LONDON,ON - SEPTEMBER 23: Tim Brent #37 of the Toronto Maple Leafs skates in a pre-season game against the Philadelphia Flyers on September 23,2010 at the John Labatt Centre in London, Ontario. The Leafs defeated the Flyers 3-2 in a shoot-out. (Photo by Claus Andersen/Getty Images)
Claus Andersen/Getty Images

It wouldn't be a stretch to say that the new fan-favourite on the Toronto Maple Leafs, Tim Brent, might be living somewhat of a dream right now.

He last scored a goal in the 2006-07 season as a member of the Anaheim Mighty Ducks, the first of his career, and came into this campaign with the Maple Leafs with merely a prayer of making the opening-night roster.

Well, after scoring twice in two games and now holding a tight grip on the third-line center position, it's safe to say Brent is having a career-changing start to the 2010-11 season as a Leaf.

Before this season he had bounced around the NHL as a rarely-used, grinder-type player, who saw more travel time on a bus in the minors than up with the big boys in the NHL. He started his career in Anaheim where he appeared in 15 games, scoring the lone goal of his career during that time, before being shipped off to Pittsburgh in July, 2007. He played one game there, then went to Chicago where he saw two games wearing the Blackhawks attire.

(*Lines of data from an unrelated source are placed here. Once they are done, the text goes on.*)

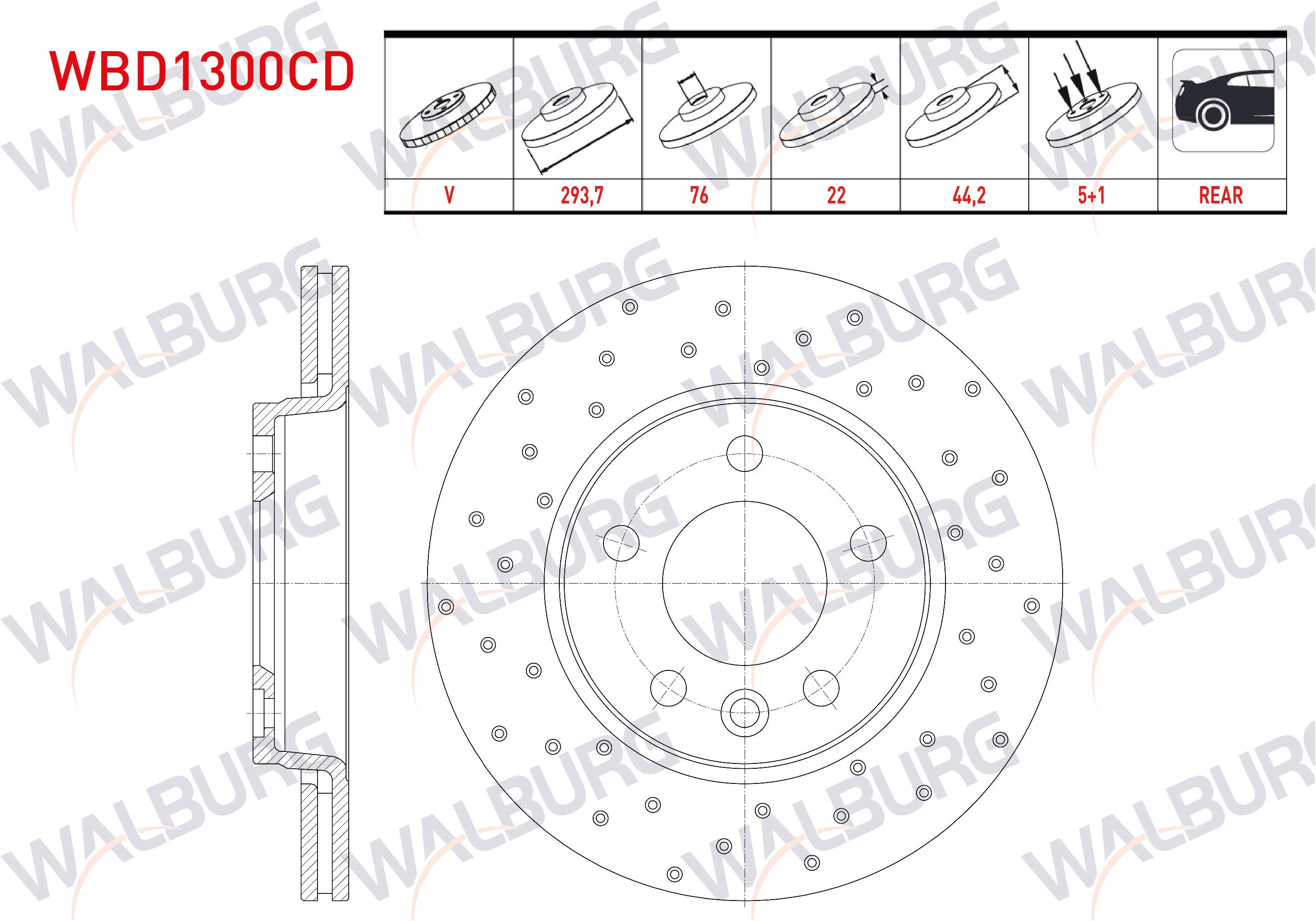 WALBURG WBD1300CD | Fren Diski Arka Havalı Kaplamalı Performans Delikli 5 Bjn 293,7X22x76x44,2 VW Transporter V 1.9 TDI-2.0 TDI-2.4-2.5 TDI 03-15 / Transporter VI 2.0 TDI 15-/ Transporter VII 2.0 TDI 19-/ Multıvan V 03-15 | 2 Adet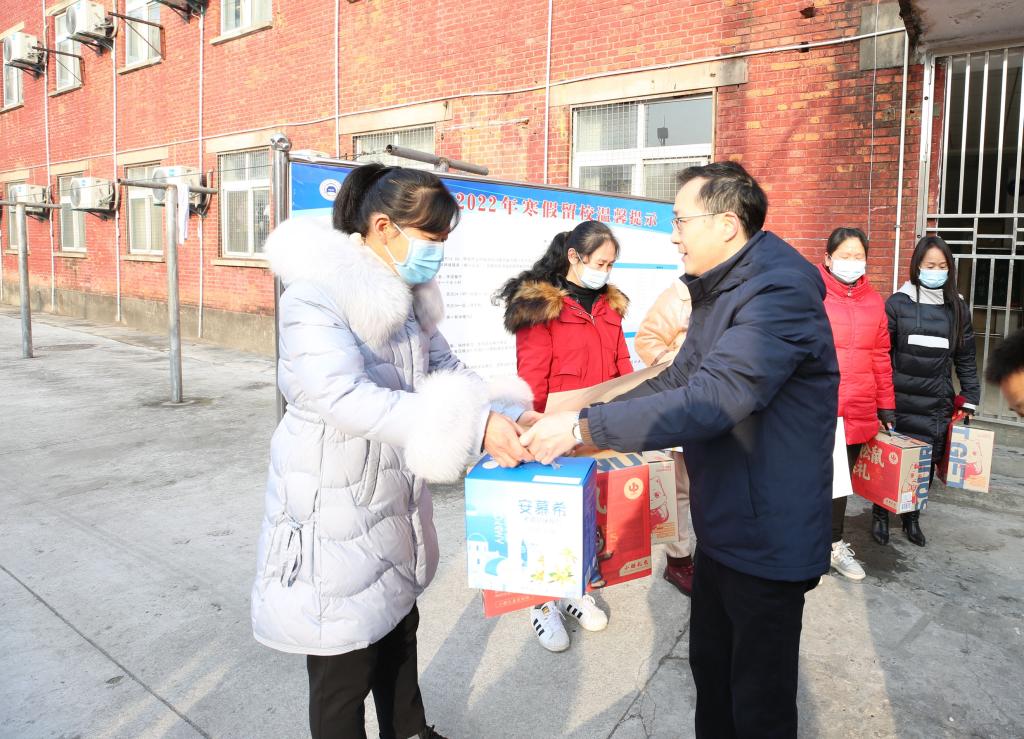 本网讯(文/图 邓玉洁)金牛辞旧岁,瑞虎迎春来。2月1日大年初一早上9点,受党委书记程红兵、校长张文学委托,校党委副书记李涛代表学校看望慰问坚守一线,为保障春节及寒假期间学校安全稳定的工作人员,并送上新春祝福和慰问品,让每一位值班人员感受到学校的关怀和温暖。学校办公室、工会、学工部、保卫处、校园建设与管理处等部门相关人员陪同慰问。
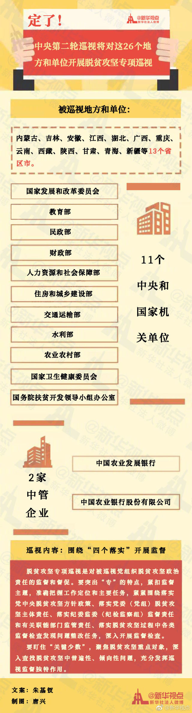 新華社北京10月9日電 經(jīng)黨中央批準(zhǔn),十九屆中央第二輪巡視將對(duì)內(nèi)蒙古、吉林、安徽、江西、湖北、廣西、重慶、云南、西藏、陜西、甘肅、青海、新疆、國(guó)家發(fā)展和改革委員會(huì)、教育部、民政部、財(cái)政部、人力資源和社會(huì)保障部、住房和城鄉(xiāng)建設(shè)部、交通運(yùn)輸部、水利部、農(nóng)業(yè)農(nóng)村部、國(guó)家衛(wèi)生健康委員會(huì)、國(guó)務(wù)院扶貧開(kāi)發(fā)領(lǐng)導(dǎo)小組辦公室、中國(guó)農(nóng)業(yè)發(fā)展銀行、中國(guó)農(nóng)業(yè)銀行股份有限公司等26個(gè)地方、單位黨組織開(kāi)展脫貧攻堅(jiān)專項(xiàng)巡視。

He landed in Toronto last season where he saw one game in the blue and white, but missed the majority of the AHL season with a pectoral injury.

Thus, he started this preseason with exactly 19 games of NHL experience, and one measly point. Not much of a resume to make a case for suiting up full-time for the Leafs, but after five very strong exhibition games he now finds himself as one of the most talked about Leaf players in this young season.

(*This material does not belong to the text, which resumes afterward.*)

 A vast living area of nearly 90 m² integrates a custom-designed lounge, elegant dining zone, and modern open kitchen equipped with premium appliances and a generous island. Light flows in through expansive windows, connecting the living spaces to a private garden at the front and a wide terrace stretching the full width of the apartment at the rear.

As the center of the third line between Fredrick Sjostrom and Colby Armstrong, he's able to play with two players who collectively have played over 700 games (Armstrong: 362, Sjostrom: 425) in the NHL—more than enough experience available for Brent to soak up.

All three players are known for their gritty style of play and their tireless work ethic, but through two games it's apparent that these three players make up what might be one of the most hard-working lines in the NHL. It's early yet, but the proof is in the pudding, or in this case the stats.

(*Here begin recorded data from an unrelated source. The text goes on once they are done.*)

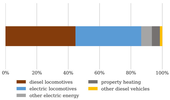After the political reform and market liberalization in Poland in the 1990s, interest in the concept of sustainable development and related corporate social responsibility emerged among Polish enterprises [79]. DB Cargo Polska is a company which declares its orientation towards sustainable development. Therefore, the optimization of energy consumption fits well with the company’s strategy to ensure the achievement of both economic and environmental objectives. The area of the railway company’s activity in which energy consumption is the highest is, of course, transport operation. The company uses both electric and diesel locomotives for this purpose for transport on non-electrified railway lines. Diesel shunting locomotives are used for first-mile and last-mile operations associated with sidings and terminals. Another area where the company consumes a relatively large amount of energy is rolling stock maintenance. For this purpose, the company uses repair facilities, which consume thermal and electrical energy. The remaining marginal part of energy consumed by the company is related to its administrative activities.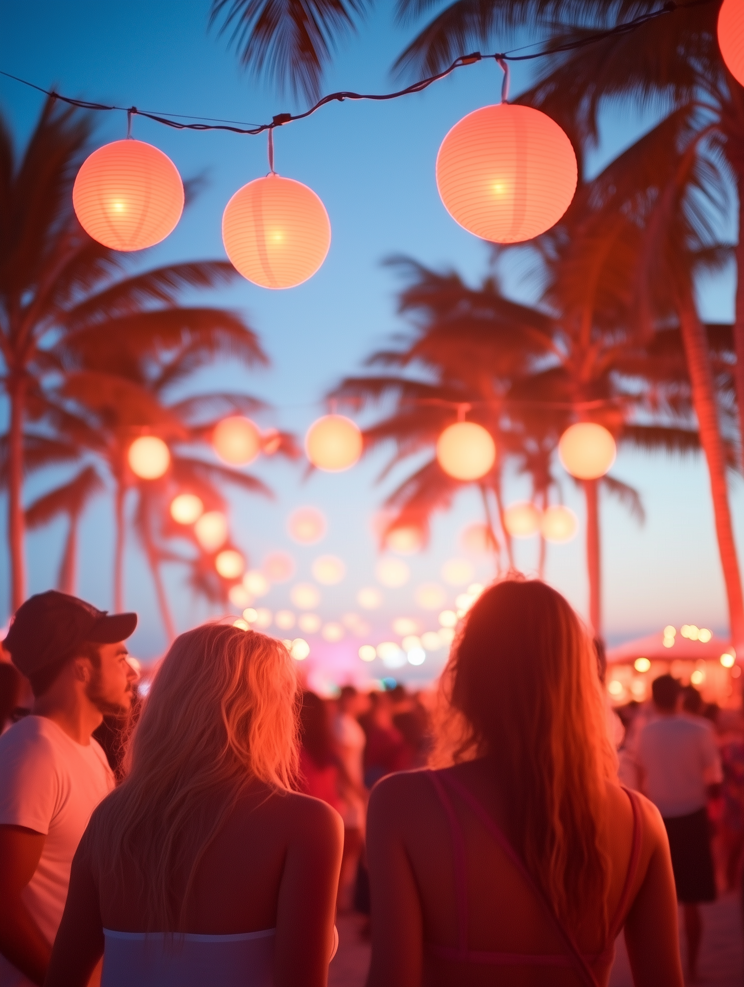 Twilight beach party with glowing lanterns, palm trees, and a lively crowd enjoying the festive atmosphere.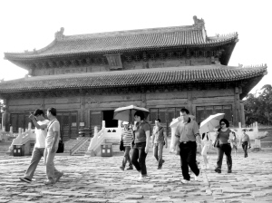 昨日下午,這些臺(tái)灣的旅游巨頭們饒有興趣地參觀了清西陵景區(qū)中葬有雍正皇帝的泰陵。在泰陵隆恩殿,大家一邊聽導(dǎo)游員的精彩講解,一邊不時(shí)跑到龍袍前合影留念。

It's not so much the goals and points that the coaching staff will be worried about on this line (though Brent's two goals thus far are certainly welcomed) but the plus/minus each night. It's this line's job to shut down the other team, and so far, so good.

Brent sits at a plus-two, while his wingers are both plus-one. That doesn't seem like much, but on a Leaf team where last season the plus/minus looked like they were competing in a golf tournament, rather than a hockey game, it's a much better start.

As a line, they play about 13 minutes each game, plus whatever time they spend killing penalties, adding up to around 15 or 16 minutes per night. They're a group of players who have played a major role in the Leafs' two-game success in keeping pucks out of their own net; with just three goals against thus far.

They've also killed off all seven times they've been shorthanded, something that would have been near impossible through two games last season. Yes, that is not a typo, the Leafs are perfect on the PK so far. Crazy.

Sjostrom, as he's known to be, is like a water bug on the ice. He's everywhere he needs to be, making plays, throwing his body around and a wizard in his own end with the puck. He sees the ice like few on the team, and his defensive prowess is second to none.

Armstrong is the workhorse of the trio, as he's often seen down low in the corners, fighting off defenders for the puck. He's hard-nosed and willing to go in the dirty areas to benefit the team. He's the perfect third-line player. He's the perfect Burke-like player.

Needless to say, the third line has been important in the Leafs' 2-0 start, and they've played a crucial role in the early success at both ends of the ice.

With 80 games remaining this season, it's hardly time to start calling the Leafs legitimate contenders for the playoffs let alone anything else, but early on two things are clear. One, this Maple Leafs team is much better than they were a year ago. Two, the third line of Brent, Sjostrom and Armstrong are going to play a much bigger role in the team's success than some may have thought before the games began.

They'll get their biggest test thus far when they face off against Sidney Crosby and the Pittsburgh Penguins in their first road game of the year, and you can bet Brent and his pals will get more than one opportunity to be the shut-down line against Crosby.

Just another example of Brent's career changing before our eyes—gone from a forgotten man stuck in the minors, unable to find his place, to taking faceoffs against the best player in the NHL, on arguably the Leafs' most important line.

As for Leaf fans, all they're worried about at this point is that Brent keeps living that dream, and nobody pinches him.